Apesar de as agressões terem começado há cerca de 30 anos, o tribunal teve em conta apenas os factos posteriores a 1 de junho de 2000, altura em que a violência doméstica assumiu a natureza de crime público.

“Os restantes factos não foram tidos em consideração, porque a vítima os deixou prescrever por inércia, ao não ter apresentado queixa dentro do prazo legal”, explicou a juíza.

A magistrada afirmou que o arguido “agiu como dolo intenso”, num quadro de “total desprezo pela dignidade humana da companheira que vivia num clima de terror”, sublinhando que o agressor não assumiu os factos e não mostrou qualquer arrependimento.

O arguido que ouviu a leitura da sentença sentado, sem demonstrar qualquer emoção, levantou-se no final e dirigiu-se à juíza dizendo: “Isso é falso”.

Durante o julgamento, o arguido afirmou que prendia a mulher para evitar que ela fosse ingerir bebidas alcoólicas e também manifestou intenção de voltar a viver com ela.

Segundo a acusação, o arguido insultou, agrediu, fez passar fome e subjugou às suas ordens a sua mulher, durante cerca de 30 anos.

Além de desferir murros, bofetadas e pontapés, chegou a açoitá-la e a queimar os pés da mulher com brasas, acorrentou-lhe pneus às pernas e bateu-lhe com ferros, paus e ferramentas.

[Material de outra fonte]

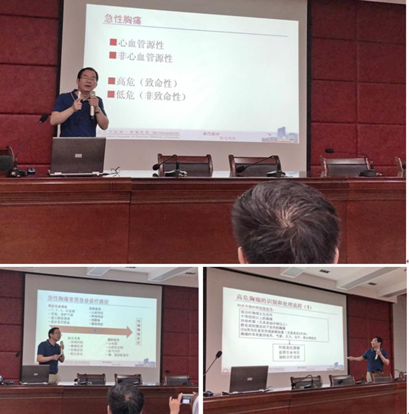 刘先发教授以“急性胸痛”为题,将急性胸痛的识别、诊断、鉴别诊断、国内外最新胸痛诊疗指南进行了深入浅出的讲解。并结合一附院建设国家级胸痛中心的经验,以及县级医疗机构自身工作特点,就急性胸痛处置的流程及制度建设给出了意见和建议。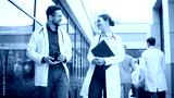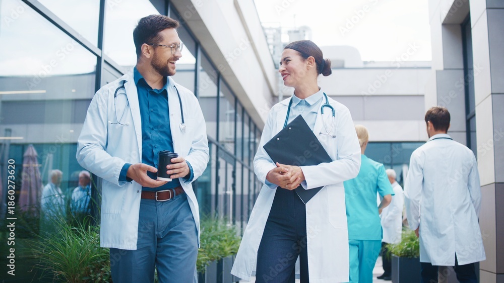Charming male doctor holding coffee and walking beside smiling female colleague outside clinic. Positive team sharing thoughts while moving together. Professionals discussing tasks during calm moment.

Os vizinhos ouviram várias vezes os pedidos de socorro da vítima, mas quando iam em socorro desta, o arguido ameaçava-os dizendo que queimaria com ácido quem a tentasse ajudar.

Esta tortura só terminou a 15 de fevereiro de 2012, quando a Segurança Social retirou a mulher da casa onde habitava com o marido.

A vítima, que apresentava várias lesões, foi conduzida aos Hospitais da Universidade de Coimbra, para receber tratamento, e após ter alta hospitalar, foi levada para uma casa-abrigo, de onde pretende sair para continuar a viver com o arguido.